* _Brief_
Transcribe the listing below exactly, without pictures.

====== Supplied data ======

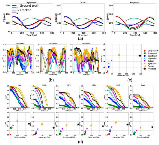 According to Table 11, the proposed method operated faster than existing methods, and outperformed all conventional approaches across all metrics for both detection and association accuracy. As shown in the estimated center positions in Figure 14a, ByteTrack and OC-SORT suffered from tracker ID switching around ms and ms, while the proposed method overcame this. As shown in IoU and metric transitions in Figure 14b–d, the proposed method kept tracking with higher IoU, resulting in higher metrics over all . These results demonstrate that the proposed method is effective in handling partial occlusions and long-term fast object tracking. As in other scenarios, the bottom panels of Figure 14c,d show that processing speed has greater influence than deep learning-based appearance features on both detection and association performance.
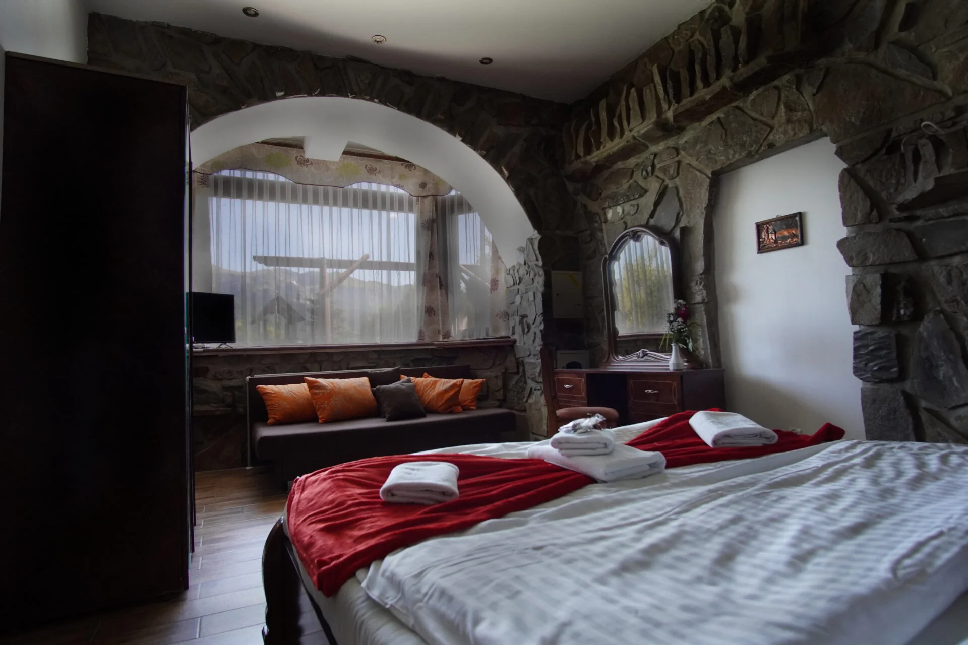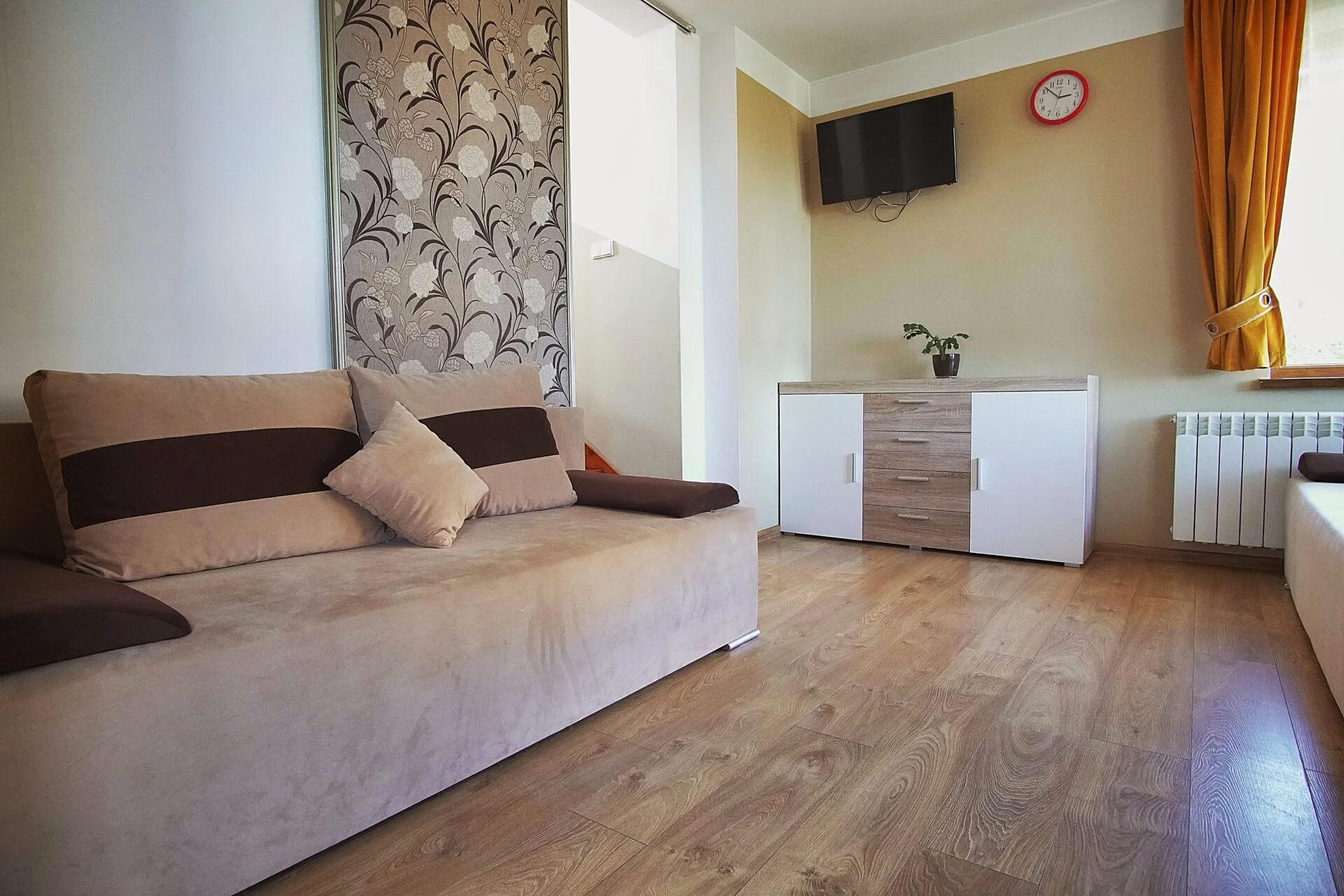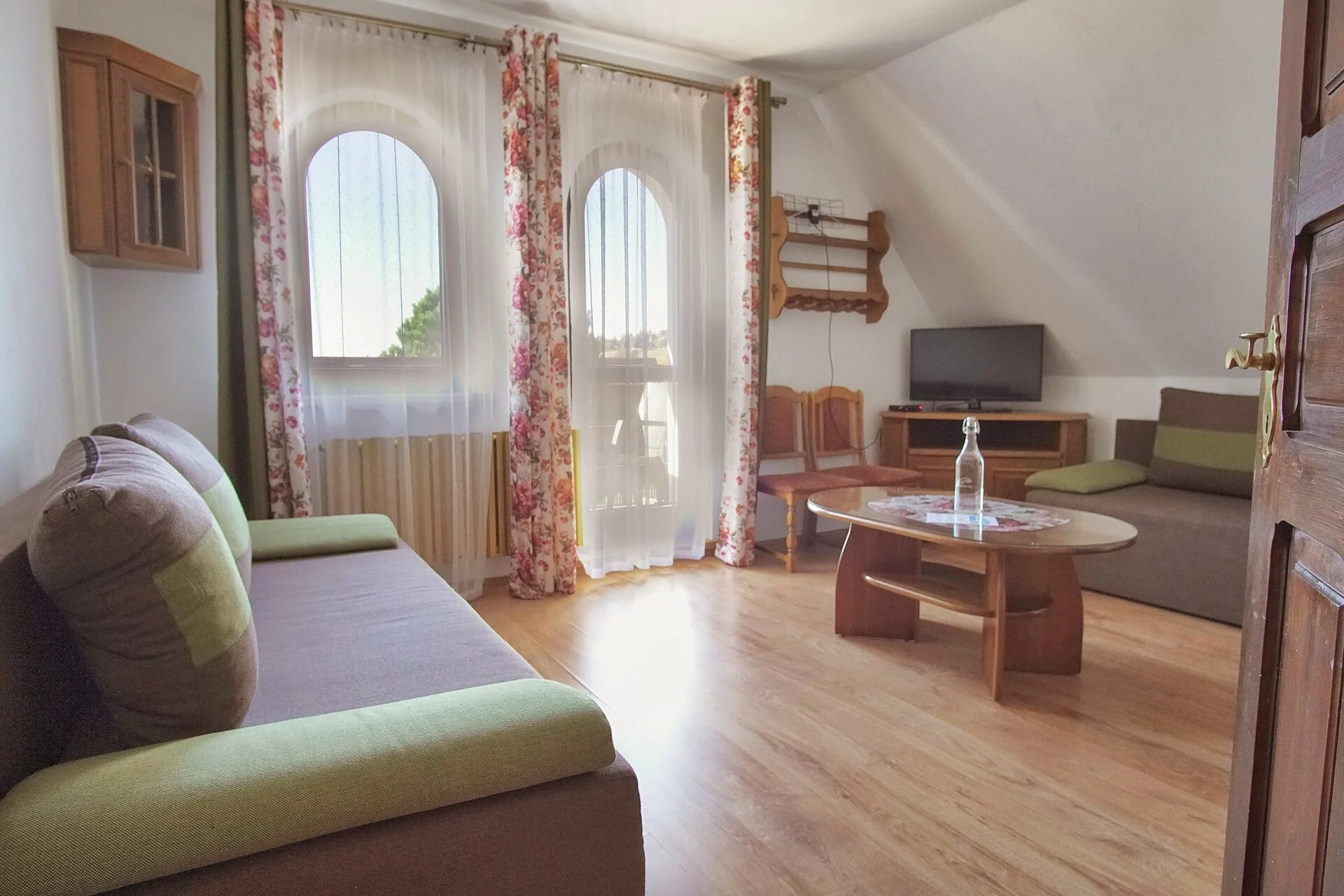The Family Apartment is an ideal space for spending time with loved ones, offering both spaciousness and functionality. It consists of two rooms: a bedroom with a comfortable double bed and a living room where you can relax and enjoy your favorite movies on a flat-screen TV.
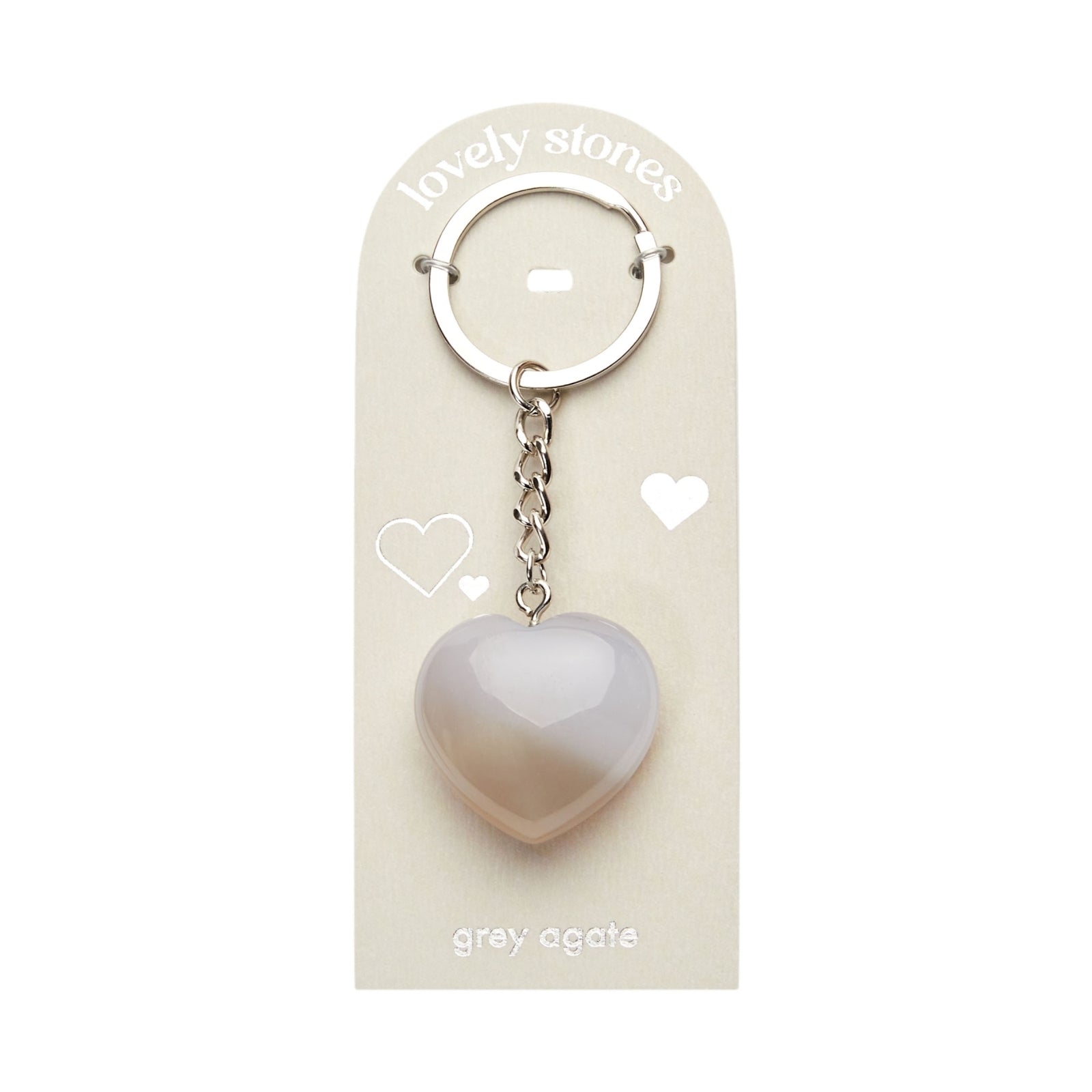 Lovely Stones unieke sleutelhanger met een echte stenen hartvormige hanger van grijze agaat.
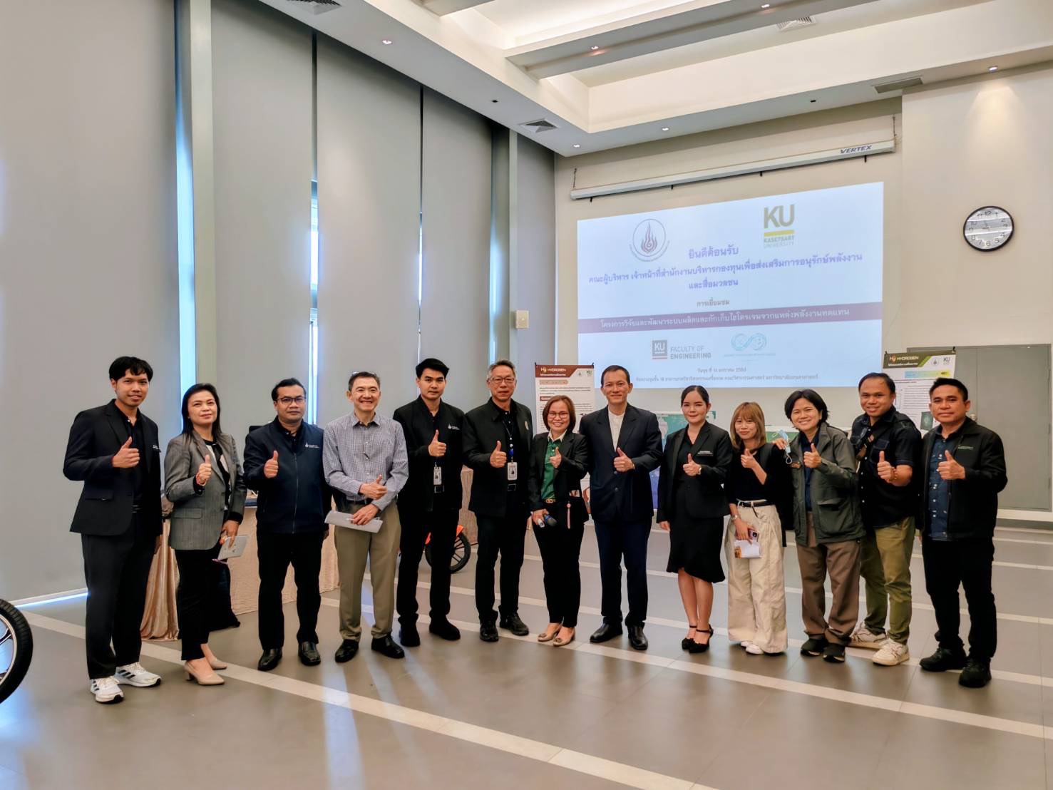 “ไฮโดรเจนเป็นพลังงานทางเลือกที่หลายประเทศให้ความสำคัญ นอกจากช่วยเพิ่มประสิทธิภาพการใช้พลังงานจากพลังงานหมุนเวียนแล้ว ยังเป็นตัวช่วยเร่งเปลี่ยนผ่านสู่พลังงานสะอาด ลดการปล่อยก๊าซเรือนกระจกมุ่งสู่เป้าหมาย Net Zero กองทุนอนุรักษ์พลังงานสนับสนุนด้านการวิจัยและพัฒนาระบบผลิตและกักเก็บไฮโดรเจน ซึ่งจะต่อยอดไปสู่ผลิตภัณฑ์อื่นได้หลากหลาย ความก้าวหน้าด้านเทคโนโลยีการผลิตและกักเก็บไฮโดรเจนจึงเป็นปัจจัยสำคัญในการยกระดับความมั่นคงทางพลังงานและลดการพึ่งพาเชื้อเพลิงฟอสซิลของประเทศ โดยความสำเร็จของโครงการวิจัยและพัฒนานี้ยังสะท้อนให้เห็นถึงบทบาทสำคัญของกองทุนอนุรักษ์พลังงานในการผลักดันงานวิจัยด้านพลังงานสะอาด และเป็นก้าวสำคัญในการวางรากฐานเทคโนโลยีพลังงานไฮโดรเจนของประเทศไทย เพื่อรองรับการพัฒนาอย่างยั่งยืนและการใช้พลังงานสะอาดในอนาคต” ผู้จัดการส.กทอ. กล่าวในท้ายที่สุด

======

* _Answer for the task_
 According to Table 11, the proposed method operated faster than existing methods, and outperformed all conventional approaches across all metrics for both detection and association accuracy. As shown in the estimated center positions in Figure 14a, ByteTrack and OC-SORT suffered from tracker ID switching around ms and ms, while the proposed method overcame this. As shown in IoU and metric transitions in Figure 14b–d, the proposed method kept tracking with higher IoU, resulting in higher metrics over all . These results demonstrate that the proposed method is effective in handling partial occlusions and long-term fast object tracking. As in other scenarios, the bottom panels of Figure 14c,d show that processing speed has greater influence than deep learning-based appearance features on both detection and association performance.
The Family Apartment is an ideal space for spending time with loved ones, offering both spaciousness and functionality. It consists of two rooms: a bedroom with a comfortable double bed and a living room where you can relax and enjoy your favorite movies on a flat-screen TV.
 Lovely Stones unieke sleutelhanger met een echte stenen hartvormige hanger van grijze agaat.
 “ไฮโดรเจนเป็นพลังงานทางเลือกที่หลายประเทศให้ความสำคัญ นอกจากช่วยเพิ่มประสิทธิภาพการใช้พลังงานจากพลังงานหมุนเวียนแล้ว ยังเป็นตัวช่วยเร่งเปลี่ยนผ่านสู่พลังงานสะอาด ลดการปล่อยก๊าซเรือนกระจกมุ่งสู่เป้าหมาย Net Zero กองทุนอนุรักษ์พลังงานสนับสนุนด้านการวิจัยและพัฒนาระบบผลิตและกักเก็บไฮโดรเจน ซึ่งจะต่อยอดไปสู่ผลิตภัณฑ์อื่นได้หลากหลาย ความก้าวหน้าด้านเทคโนโลยีการผลิตและกักเก็บไฮโดรเจนจึงเป็นปัจจัยสำคัญในการยกระดับความมั่นคงทางพลังงานและลดการพึ่งพาเชื้อเพลิงฟอสซิลของประเทศ โดยความสำเร็จของโครงการวิจัยและพัฒนานี้ยังสะท้อนให้เห็นถึงบทบาทสำคัญของกองทุนอนุรักษ์พลังงานในการผลักดันงานวิจัยด้านพลังงานสะอาด และเป็นก้าวสำคัญในการวางรากฐานเทคโนโลยีพลังงานไฮโดรเจนของประเทศไทย เพื่อรองรับการพัฒนาอย่างยั่งยืนและการใช้พลังงานสะอาดในอนาคต” ผู้จัดการส.กทอ. กล่าวในท้ายที่สุด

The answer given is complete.